Yesterday I had the chance to make a preliminary assessment of the data quality in one of the local databases holding information about entities involved in carbon trade activities. It is believed that up to 90 percent of the market activity may have been fraudulent with criminals pocketing 5 billion Euros. There is a description of the scam here from telegraph.co.uk.
Most of my work with data matching is aimed at finding duplicates. In doing this you must avoid finding so called false positives, so you don’t end up merging information about to different real world entities. But when doing identity resolution for several reasons including preventing fraud and scam you may be interested in finding connections between entities that are not supposed to be connected at all.
The result from making such connections in the carbon trade database was quite astonishing. Here is an example where I have changed the names, addresses, e-mails and phones, but such a pattern was found in several cases:
Here we have an example of a group of entities where the name, address, e-mail or phone is shared in a way that doesn’t seem natural.
My involvement in the carbon trade scam was initiated by a blog post yesterday by my colleague Jan Erik Ingvaldsen based on the story that journalists by merely gazing the database had found addresses that simply doesn’t exist.

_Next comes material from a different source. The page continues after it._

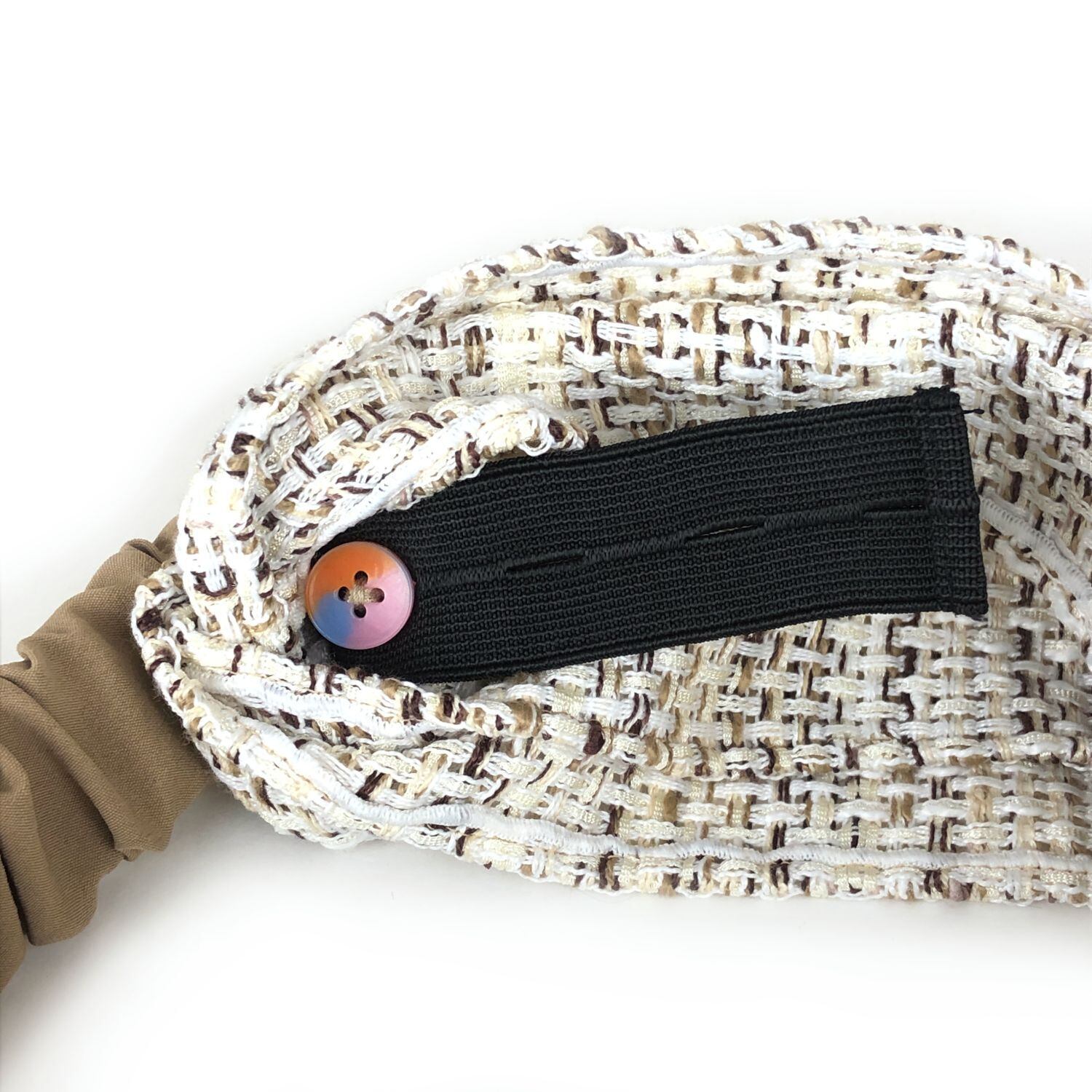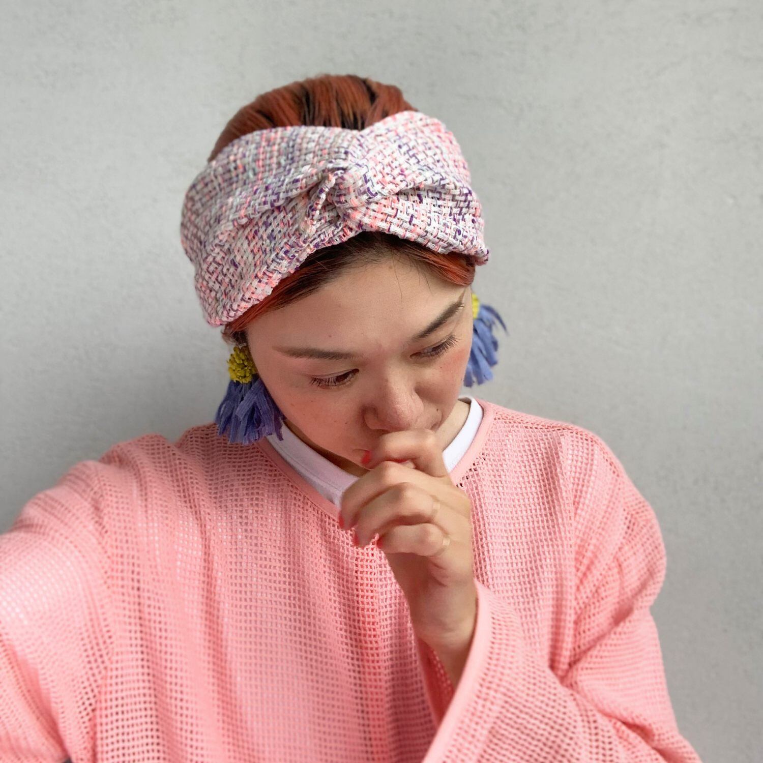 ボリューム感が可愛いツイードのヘアターバン。
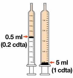 No llene el gotero o la jeringa por completo. Fíjese primero cuanta medicamento debe darle a su niño. Use los números en el gotero o jeringa para llenarlo hasta la línea correcta. O pídale al farmacéutico que marque la línea correcta si usted no está seguro. (Si la jeringa tiene tapa, descarte la tapa para que no se atragante su niño).

So the question is if authorities may have avoided losing 5 billion taxpayer Euros if some identity resolution including automated fuzzy connection checks and real world checks was implemented. I know that you are so much more enlightened on what could have been done when the scam is discovered, but I actually think that there may be a lot of other billions of Euros (Pounds, Dollars, Rupees) to avoid losing out there by making some decent identity resolution.